Verification

Intro

Verification of a function can often be as time consuming as its development; therefore, it is important to have appropriate tool support where it is possible to automate and reuse as much as possible throughout the process.

A commonly accepted theory is that the cost of fixing a bug rises exponentially as the project progresses, which is why performing verification as early as possible is imperative in order to lower the risk of bugs surviving until the final release.

It is also easier to troubleshoot issues when functions are tested in each step of the model based development process. An example of a model based development process is documented here in steps 2 through 8.

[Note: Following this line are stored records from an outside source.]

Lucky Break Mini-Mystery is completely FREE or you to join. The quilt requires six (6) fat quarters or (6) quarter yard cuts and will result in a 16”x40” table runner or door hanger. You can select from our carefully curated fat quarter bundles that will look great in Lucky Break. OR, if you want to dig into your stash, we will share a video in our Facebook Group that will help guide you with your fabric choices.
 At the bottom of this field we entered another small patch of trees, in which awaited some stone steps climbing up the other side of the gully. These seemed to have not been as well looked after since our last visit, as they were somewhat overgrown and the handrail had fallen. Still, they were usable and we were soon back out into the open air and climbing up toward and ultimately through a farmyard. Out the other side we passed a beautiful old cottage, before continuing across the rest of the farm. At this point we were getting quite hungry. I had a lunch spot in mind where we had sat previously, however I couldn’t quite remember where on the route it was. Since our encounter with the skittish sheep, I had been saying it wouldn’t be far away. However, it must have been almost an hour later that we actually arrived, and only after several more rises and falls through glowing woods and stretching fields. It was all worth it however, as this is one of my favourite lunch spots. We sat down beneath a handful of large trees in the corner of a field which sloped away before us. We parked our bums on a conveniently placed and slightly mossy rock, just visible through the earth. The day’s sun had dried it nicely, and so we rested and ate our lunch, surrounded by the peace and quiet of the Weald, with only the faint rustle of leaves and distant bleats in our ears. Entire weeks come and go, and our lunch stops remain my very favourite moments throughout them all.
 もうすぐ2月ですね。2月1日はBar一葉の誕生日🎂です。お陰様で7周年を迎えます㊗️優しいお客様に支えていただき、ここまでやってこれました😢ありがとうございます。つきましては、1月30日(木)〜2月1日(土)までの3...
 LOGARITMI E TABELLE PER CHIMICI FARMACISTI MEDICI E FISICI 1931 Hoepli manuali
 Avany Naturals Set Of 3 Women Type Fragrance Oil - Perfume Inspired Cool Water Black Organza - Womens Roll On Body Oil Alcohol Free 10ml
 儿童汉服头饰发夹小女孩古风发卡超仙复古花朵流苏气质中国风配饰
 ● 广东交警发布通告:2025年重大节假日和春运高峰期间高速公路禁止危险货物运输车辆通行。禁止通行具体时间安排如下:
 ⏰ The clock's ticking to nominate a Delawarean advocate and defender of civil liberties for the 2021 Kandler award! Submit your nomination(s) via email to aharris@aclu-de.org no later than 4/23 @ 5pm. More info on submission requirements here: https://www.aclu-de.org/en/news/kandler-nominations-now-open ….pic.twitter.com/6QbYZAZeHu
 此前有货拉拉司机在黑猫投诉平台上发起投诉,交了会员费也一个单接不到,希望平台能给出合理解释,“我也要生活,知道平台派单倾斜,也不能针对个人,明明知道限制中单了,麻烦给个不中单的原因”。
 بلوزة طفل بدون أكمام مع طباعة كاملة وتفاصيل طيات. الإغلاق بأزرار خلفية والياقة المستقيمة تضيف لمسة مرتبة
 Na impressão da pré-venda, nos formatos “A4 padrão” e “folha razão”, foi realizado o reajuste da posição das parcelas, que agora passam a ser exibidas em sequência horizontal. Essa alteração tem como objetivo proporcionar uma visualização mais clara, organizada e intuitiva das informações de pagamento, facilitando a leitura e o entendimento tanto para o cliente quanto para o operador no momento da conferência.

Within model based development and testing, the model is the center of attention. In part, the model of the function which is developed and, even more importantly, the model of the plant which is to be controlled by the function. This model can be more or less complex, depending on what is at hand. In some cases, a set of parameters may be enough; in others, it may be necessary to use advanced dynamics and logic models in order to create a correct feedback behavior.

With a well designed model based process, it is possible to use the same plant model throughout the entire toolchain, possibly performing only small changes in order to satisfy subfunctions.

Model-In-the-Loop Simulation

Once an initial model of the algorithm or control system has been created, it must be verified that it operates as intended and that it satisfies all function requirements.

The possibility to simulate the model is normally provided by the modeling environment; however, in order to perform a simulation, some type of stimuli to the model is required. In some cases it could be parameters that are provided but, in many cases there is also a need for a feedback system where a model of the system to be controlled and any related help functions are simulated. This latter model, which describes the behavior of the system to be controlled, is usually called a plant model.

By using a simulation environment and test execution tools which support standardized interfaces, such as ASAM XIL-API, it is possible to reuse all tests developed throughout the entire development process. Because different modeling environments have different strengths and weaknesses, it is also advantageous to be able to use models from different tools, for example through the Functional Mock-up Interface (FMI) standard, and then connect these for integration in a common simulation.

A simulation where the algorithm or function being developed is represented by a model is commonly called a Model-In-the-Loop (MIL) Simulation.

Software-In-the-Loop Simulation

When code is automatically generated in a modeling environment, it will represent the behavior of the model it was generated from. This does not necessarily mean that model and code will always display identical behavior. It is because of this that it is also necessary to perform simulations using the generated code. Such a simulation is called a Software-In-the-Loop (SIL) Simulation and is performed with regard to the same plant model used in the MIL simulation.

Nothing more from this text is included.